Now, what if we narrow this down further and try to extract only proper nouns?

MecabKOTY.py


import MeCab
from wordcloud import WordCloud
t = MeCab.Tagger()
s = []

for y in range(2005,2018):
    with open(f'KOTY general comment/{y}Year.txt',encoding="UTF-8") as txt_file:
        text = txt_file.read()
    nodes = t.parseToNode(text)
    while nodes:
        if nodes.feature[:7] == "noun,固有noun":
            s.append(nodes.surface)
        nodes = nodes.next

wc = WordCloud(width=720, height=480, background_color="black"
    , font_path="C:\Windows\Fonts\HGRGE.TTC")
wc.generate(" ".join(s))
wc.to_file('KOTY_wc.png')

image.png It's history. ** You can feel the history. ** **

By the way, I wondered if I could extract ** "Kusoge Maker" ** by narrowing it down further and limiting it to ** "organization name" **.

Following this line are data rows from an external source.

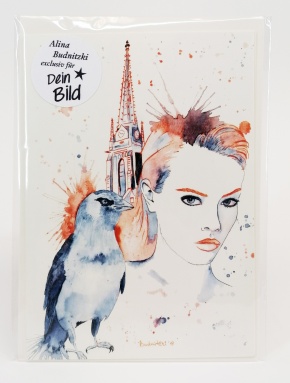 Gedruckt auf leicht getöntem Conqueror Karton mit gleichfarbigem, selbstklebendem Umschlag, einzeln in Folie verpackt.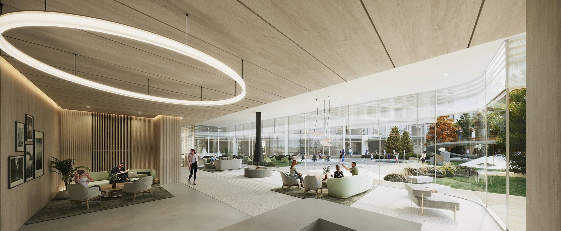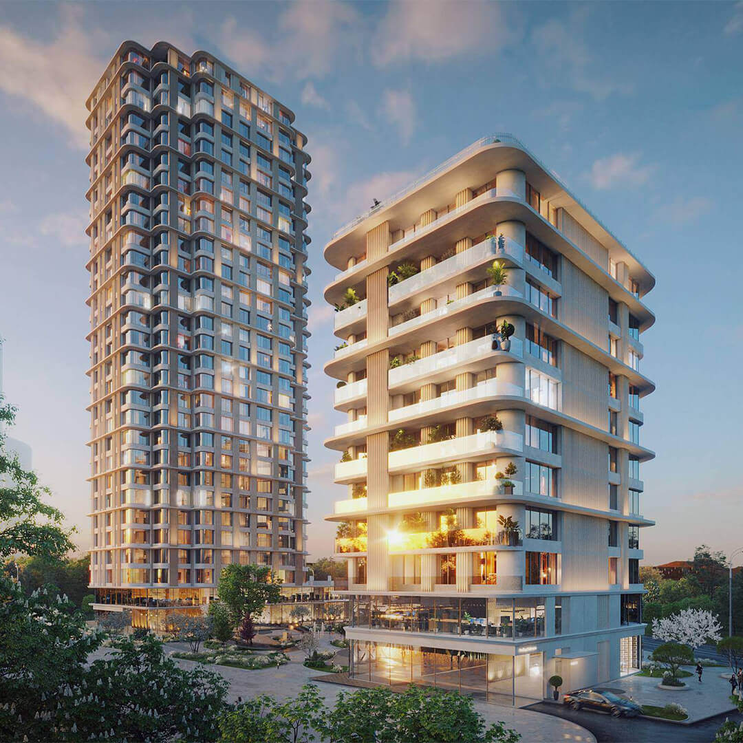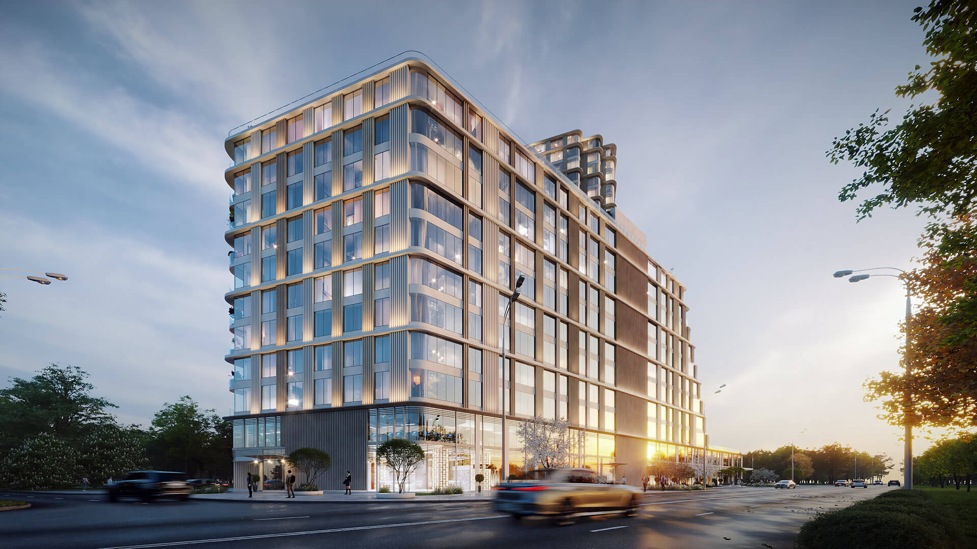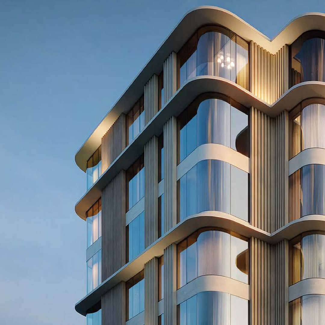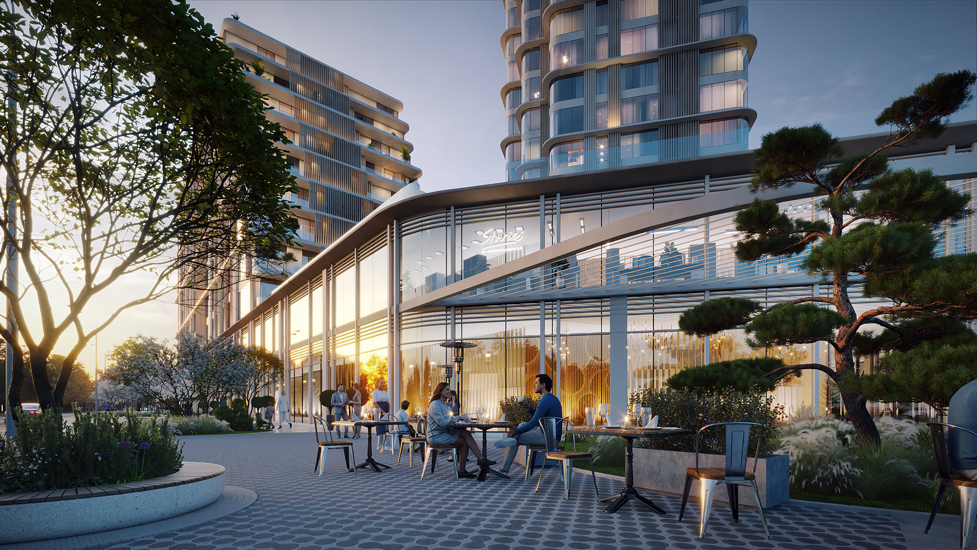 Скругленные углы и бесшовное остекление смягчают формы зданий, а горизонтальные деки добавляют облику выразительности.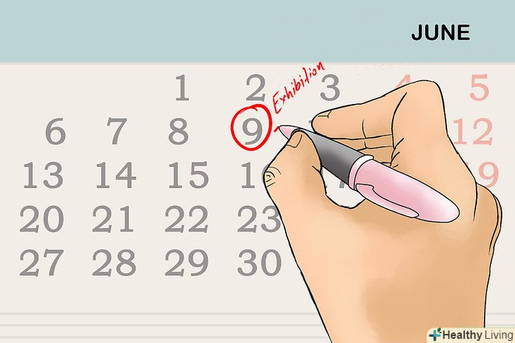 Визначитеся з датою і часом.організація художньої виставки вимагає виснажливої за інтенсивністю координації, тому будьте реалістичні щодо часових рамок, які ви для себе встановлюєте. Варто починати планування заходу принаймні за 2-3 місяці, щоб у вас було достатньо часу на підготовку. Якщо є можливість, виберіть дату ближче до кінця тижня, коли у багатьох вихідний, і люди шукають, чим би зайнятися в місті.[7]- Постарайтеся, щоб дати виставки не збігалися з якимись святами. Так як в цьому випадку вам доведеться поборотися за увагу публіки.[8]

image.png ** "It's not an organization" ** I stopped because there was a lot of things mixed in. It might be cool if you change the dictionary.

Next, let's change the taste a little. ** Check "Changes in the frequency of specific words by year" **. The first thing to look for is ... well, let's make it a ** "bug" **. I will draw a line graph with matplotlib.

KOTYPlot.py


import MeCab
from wordcloud import WordCloud
import matplotlib.pyplot as plt
t = MeCab.Tagger()
c = []
for y in range(2005, 2018):
    c.append(0)
    with open(f'KOTY general comment/{y}Year.txt',encoding="UTF-8") as txt_file:
        text = txt_file.read()
    nodes = t.parseToNode(text)
    while nodes:
        if nodes.surface == "bug":
            c[-1] += 1
        nodes = nodes.next

plt.plot(range(2005, 2018), c, linewidth=4)
plt.xlabel("Year", fontsize = 24)
plt.ylabel("Occurrence:Bug", fontsize=24)
plt.grid(True)
plt.savefig("KOTYgraph.png ")

image.png too scary. 2015 is going to be amazing. Probably the result of the collision of two big bug towers, "Ajinoko" and "Tetaru". Also, it's hidden in the impact, but the state of 2013 with no ** "bugs" is amazing. Certainly, in 2013, I think there was competition for shit in a different direction from bugs.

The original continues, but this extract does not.